1. Giving Teeth to a Tooth Fairy
A common tradition described as occurring in many parts of the world involved giving teeth to a fairy figure, who left children money or another gift in return. Of the 37 papers identified in this systematic review, 20 (56%) mention the Tooth Fairy. This is a very common tradition among Western countries, but, to the best of the authors’ knowledge, no study has quantified the prevalence of this or other tooth disposal traditions. Modern-day traditions involving fairies are reported as practiced throughout the US, Canada, Denmark, the United Kingdom, Australia, and parts of Asia. However, it is unknown if these traditions arose independently in different parts of the world. Historically, in the early centuries of Europe (exact dates were not reported in the literature reviewed), it was common to bury a child’s tooth after exfoliation; parents would celebrate the loss of their child’s sixth tooth by leaving a gift or money under the child’s pillow31,32. Prior to 1900 in England, young girls who worked as industrious servants were rewarded with coins said to be left by fairies, who placed the money in the girls’ shoes while they slept30. In Gallic traditions recorded from 1887, children placed their exfoliated teeth under a pillow, then the Virgin Mary left money or a toy as a reward30. Another Gallic tradition, documented in 1902, consists of a “good fairy” leaving a piece of candy for the child’s exfoliated tooth30. Different sources also point to an older French story referencing Saint Apollonia (the Catholic patron saint of dentists, dental pain, and tooth loss), who is often compared to the modern-day Tooth Fairy30. Notably, in contemporary France, the figure who takes children’s exfoliated teeth is a mouse instead of a fairy. The genealogy of this shift is muddled, but The Dictionary of Superstitions specifies fairy figures belong to Anglo-Saxon countries,33 which may explain why the French no longer leave teeth to a fairy figure. Today’s French-Canadian children offer their tooth to a fée, the French translation of fairy30.
During the early twentieth century, the Tooth Fairy figure and accompanying pillow ritual became popularized throughout the United States (US), the United Kingdom (UK), and other Western nations29,30,34–37. Exfoliated tooth practices in other countries are poorly documented. The pillow ritual appears to have begun as recently as 1920–1930; children at that time were familiar with the practice, but the Tooth Fairy was not yet a character30. The Tooth Fairy figure first formally appeared in 1949, when Lee Rogow explored the Tooth Fairy in a short story for Collier’s Weekly, one of the most popular magazines at the time19. Rogow described a child who loosened her tooth on purpose so she could receive a dime from the Tooth Fairy19. The Tooth Fairy rose in popularity in the US and UK in the 1950s30. Because of postwar affluence following World War II, families could afford to give money to their children in exchange for losing a tooth, facilitating the rise of the Tooth Fairy figure30. Furthermore, childhood had become a distinct, honored phase of life in which developmental milestones were more commonly celebrated30.

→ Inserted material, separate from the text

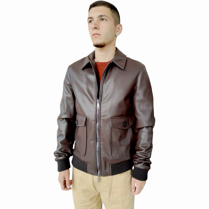 Giubbotto uomo BERNA ecopelle effetto nappa modello aviatore con colletto

The Tooth Fairy and pillow ritual are by no means universal. However, the practice of exchanging a child’s exfoliated tooth for money or other gifts is not uncommon across the globe38. In Sweden, a fairy figure, who is different from the American or British Tooth Fairy, takes the child’s exfoliated tooth after it has been placed inside a glass of water, replacing it with a coin39.
Regarding how teeth are disposed of or kept after the Tooth Fairy tradition takes place, a recent international survey (n=2,905)40, with high participation in Venezuela, Turkey, and Brazil, found that most adults believe baby teeth should be kept rather than discarded: 31% thought teeth should be preserved in the house or with the family, 24% wanted to preserve the teeth for stem cells, and 4% elected to hide them. Only 12% of participants would throw teeth away as garbage, 7% would dispose of them according to a cultural practice, and 4% would bury them.

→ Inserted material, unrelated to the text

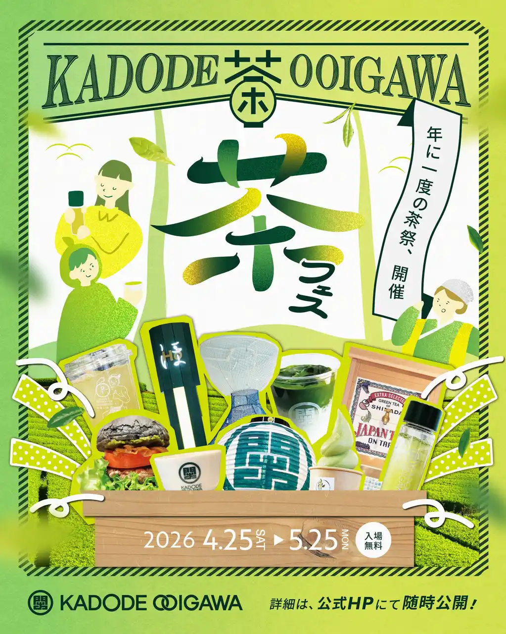 緑茶・農業・観光の体験型フードパーク「KADODE OOIGAWA(かどでおおいがわ)」(静岡県島田市・代表取締役 福本作治)では、毎年恒例となるお茶の祭典「茶フェス」を開催いたします。新茶の販売をはじめ、お茶を使用した限定グルメやスイーツ、さらにはお茶の魅力を体験できる多彩なイベントをご用意し、子どもから大人まで楽しめる“お茶づくし”のひとときをお届けします。 |

2. Giving Teeth to Mouse Figures
The “tooth mouse” figure, known as El Ratón Pérez, Ratoncito Pérez, El Ratoncito, El Ratón, El Ratón Miguelito, or El Ratón de los Dientes in Spanish-speaking countries, La Petite Souris in France, or Topino in Italy24,30,31 is another well-known character involved in tooth disposal traditions. Of the 37 papers identified, 12 (32%) mention leaving an exfoliated tooth for a mouse character or unnamed mouse/rat to take. El Ratón Pérez dates back to “ancient times” when mothers fed their children’s exfoliated teeth to rodents (for reasons described below)20. Today, the tooth mouse visits children who leave teeth under their pillows and exchanges teeth for coins or gifts.

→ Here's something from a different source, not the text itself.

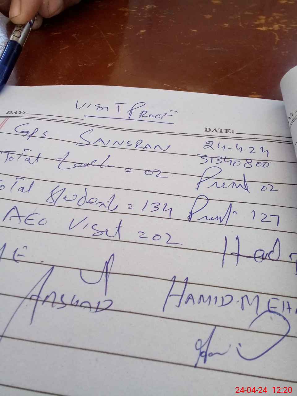| EMIS Code: 31340800 | Name of School: GPS SAINSRAN | |||

Because written descriptions and stories of El Ratón are lacking, the history of this mouse has been mostly drawn from the work of Luis Coloma, who wrote a story for young King Alfonso XIII in 189424. The lengthy tale tells of El Ratón Pérez accidentally waking up the young king when trying to take the king’s exfoliated tooth from under the pillow21. The young king convinces the mouse to accompany him on missions for the night. The story passed among generations, and the name of the mouse varies as it spread among Spanish-speaking countries.
The tooth mouse in France, known as La Petite Souris, likely originated from an 18th century French fairy tale written by Madame d’Aulnoy titled La Bonne Petite Souris, or “The Good Little Mouse” in English22. The tale follows a fairy who transforms into a mouse and helps the queen defend herself against the king; the mouse does this by hiding under the king’s pillow before knocking his teeth out22. Another belief, described on a popular culture website dedicated to La Petite Souris for French children, was that when a child’s exfoliated tooth was eaten by an animal, the new tooth adopted the characteristics of that animal23. As rodents have sharp, hard teeth, parents would give their children’s tooth to a mouse in the hopes of their child growing a similarly strong tooth23.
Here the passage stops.